Meine Gegenfrage wäre: wieviele Akustikgitarrist*innen spielen denn wirklich auf den hohen Bünden, sprich profitieren wirklich von einem Cutaway?
Noch eine Gegenfrage: Wer von den unzähligen Konzertgitarrist*innen, die sehr oft in hohen Lagen bis zum letzte Bund spielen, einfach weil es ihre normale Konzertliteratur so erfordert (siehe
Concierto de Aranjuez,
Villa-Lobos-Etüden,
Tientos von Henze, Stücke von Dyens, Brouwer, Ginastera etc. etc.), würde das
ohne Cutaway nicht hinbekommen?
Grifftechnisch unbequem (auch mit Cutaway!) wird es hier lediglich bei Doppel- und Mehrfachgriffen in der letzten Lage der tiefsten Saiten, aber die klingen durch die starke Verkürzung und die Saitendicke bereits so obertonarm, dass sie man sie nur verwendet, wenn genau dieser stumpfe Klang erwünscht ist (oder wenn es technisch gar nicht anders geht).
Nb.: Ein Cut auf Konzertgitarren bringt keine relevanten spieltechnischen Vorteile für Leute, die bei Standardmodellen Probleme mit den höchsten Lagen haben! Ganz im Gegenteil ist der Cut für die Führung der Hand durch den Daumen hier sogar eher destabilisierend.
Jede Verkleinerung des Korpus und der Decke verringert akustisch gespielt die Laustärke und verändert den Klang der Gitarre.
Das fällt in die Abteilung urbaner Legenden. Für den Klang ist die Schallverteilung durch die kreisförmige Platte der unteren Acht mit dem Steg als Zentrum entscheidend. Das Schalloch bildet die obere Begrenzung dieser "Schallplatte" und verhindert eine Ausbreitung der beim Gitarrenklang weniger erwünschten, zur Holzfaser
parallel laufenden Schwingungen in den Berteich der "oberen Acht", der zudem durch das verleimte Griffbrett in der Schwingungsfunktion so stark eingeschränkt ist, dass ein Cut hier keine nennenswerten Auswirkungen mehr hat.
Zum Vergleich: Genau umgekehrt zur Gitarre mit planen Decken begrenzen die seitlichen f-Löcher bei Streichinstrumenten (und bei Archtops!) die Schwingungen
quer zur Faser, außerdem sind die Griffbretter im letzten Drittel nicht mit der Decke verleimt, sondern am unteren Ende "frei schwebend", damit die volle Faserlänge der Decke für Parallelschwingungen ausgenutzt wird.
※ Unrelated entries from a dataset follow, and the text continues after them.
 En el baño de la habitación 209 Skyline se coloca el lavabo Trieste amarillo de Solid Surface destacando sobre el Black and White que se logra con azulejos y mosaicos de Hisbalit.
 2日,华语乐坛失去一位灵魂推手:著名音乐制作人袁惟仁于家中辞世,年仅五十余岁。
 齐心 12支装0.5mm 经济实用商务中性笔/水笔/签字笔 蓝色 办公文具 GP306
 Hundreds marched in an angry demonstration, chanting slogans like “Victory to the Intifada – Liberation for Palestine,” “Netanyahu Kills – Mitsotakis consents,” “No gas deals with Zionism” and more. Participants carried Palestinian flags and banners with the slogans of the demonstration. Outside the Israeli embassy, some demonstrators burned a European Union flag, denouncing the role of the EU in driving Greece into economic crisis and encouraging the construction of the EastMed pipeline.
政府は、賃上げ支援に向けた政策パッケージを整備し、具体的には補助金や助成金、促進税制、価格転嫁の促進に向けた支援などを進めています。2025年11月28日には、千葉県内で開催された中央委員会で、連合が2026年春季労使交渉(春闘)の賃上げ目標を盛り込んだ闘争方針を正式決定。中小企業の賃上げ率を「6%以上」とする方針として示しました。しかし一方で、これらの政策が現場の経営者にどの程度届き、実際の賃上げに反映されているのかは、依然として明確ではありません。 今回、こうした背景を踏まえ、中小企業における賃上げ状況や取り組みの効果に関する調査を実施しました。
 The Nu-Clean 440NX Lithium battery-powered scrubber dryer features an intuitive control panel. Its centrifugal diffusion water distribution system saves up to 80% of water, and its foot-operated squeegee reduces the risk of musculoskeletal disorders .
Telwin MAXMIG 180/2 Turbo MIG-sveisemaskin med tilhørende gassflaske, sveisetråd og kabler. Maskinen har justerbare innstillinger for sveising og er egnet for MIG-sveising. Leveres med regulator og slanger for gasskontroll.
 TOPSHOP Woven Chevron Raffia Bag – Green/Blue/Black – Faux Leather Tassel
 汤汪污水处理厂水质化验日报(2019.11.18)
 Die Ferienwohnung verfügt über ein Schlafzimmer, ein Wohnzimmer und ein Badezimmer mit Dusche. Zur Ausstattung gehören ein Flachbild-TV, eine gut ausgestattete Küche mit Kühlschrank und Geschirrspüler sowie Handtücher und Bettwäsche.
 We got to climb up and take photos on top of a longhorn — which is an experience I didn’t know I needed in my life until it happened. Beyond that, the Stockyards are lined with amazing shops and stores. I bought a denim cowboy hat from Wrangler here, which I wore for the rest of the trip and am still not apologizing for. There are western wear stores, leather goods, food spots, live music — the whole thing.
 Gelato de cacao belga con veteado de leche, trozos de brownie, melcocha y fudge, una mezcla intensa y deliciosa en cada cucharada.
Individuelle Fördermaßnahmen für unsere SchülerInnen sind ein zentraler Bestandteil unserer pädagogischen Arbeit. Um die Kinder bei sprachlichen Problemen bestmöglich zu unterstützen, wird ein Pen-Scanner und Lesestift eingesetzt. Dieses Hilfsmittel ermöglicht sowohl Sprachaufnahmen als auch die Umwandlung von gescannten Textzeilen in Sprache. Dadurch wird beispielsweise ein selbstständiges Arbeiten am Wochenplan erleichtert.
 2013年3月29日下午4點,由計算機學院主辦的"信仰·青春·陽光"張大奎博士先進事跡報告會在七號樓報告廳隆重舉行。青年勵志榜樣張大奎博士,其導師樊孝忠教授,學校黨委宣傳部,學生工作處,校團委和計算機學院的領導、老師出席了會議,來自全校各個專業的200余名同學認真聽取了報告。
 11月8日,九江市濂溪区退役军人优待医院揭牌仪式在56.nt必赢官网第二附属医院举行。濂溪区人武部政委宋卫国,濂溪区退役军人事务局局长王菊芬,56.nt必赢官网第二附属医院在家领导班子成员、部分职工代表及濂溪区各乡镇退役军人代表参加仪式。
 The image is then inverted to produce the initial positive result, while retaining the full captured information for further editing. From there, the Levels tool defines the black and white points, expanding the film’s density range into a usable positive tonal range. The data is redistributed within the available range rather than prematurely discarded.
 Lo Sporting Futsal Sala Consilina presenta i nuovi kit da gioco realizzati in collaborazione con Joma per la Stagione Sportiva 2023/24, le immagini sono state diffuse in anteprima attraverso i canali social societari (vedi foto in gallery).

Cuts sind wahrscheinlich in Mode gekommen, um E-Gitarristen beim Spiel auf akustischen Gitarren ein vertrauteres
Look & Feel zu geben. So wie man dereinst den Halsansatz bei Steelstrings vom "klassischen" 12. auf den 14. Bund verlegt hat, um mit den verlängerten Hälsen den Banjospielern entgegenzukommen, die damals eine wichtige Käufergruppe stellten. Also letztlich eine reine Design-Masche, und so überflüssig, wie rosa Gitarren mit Glitzersteinchen.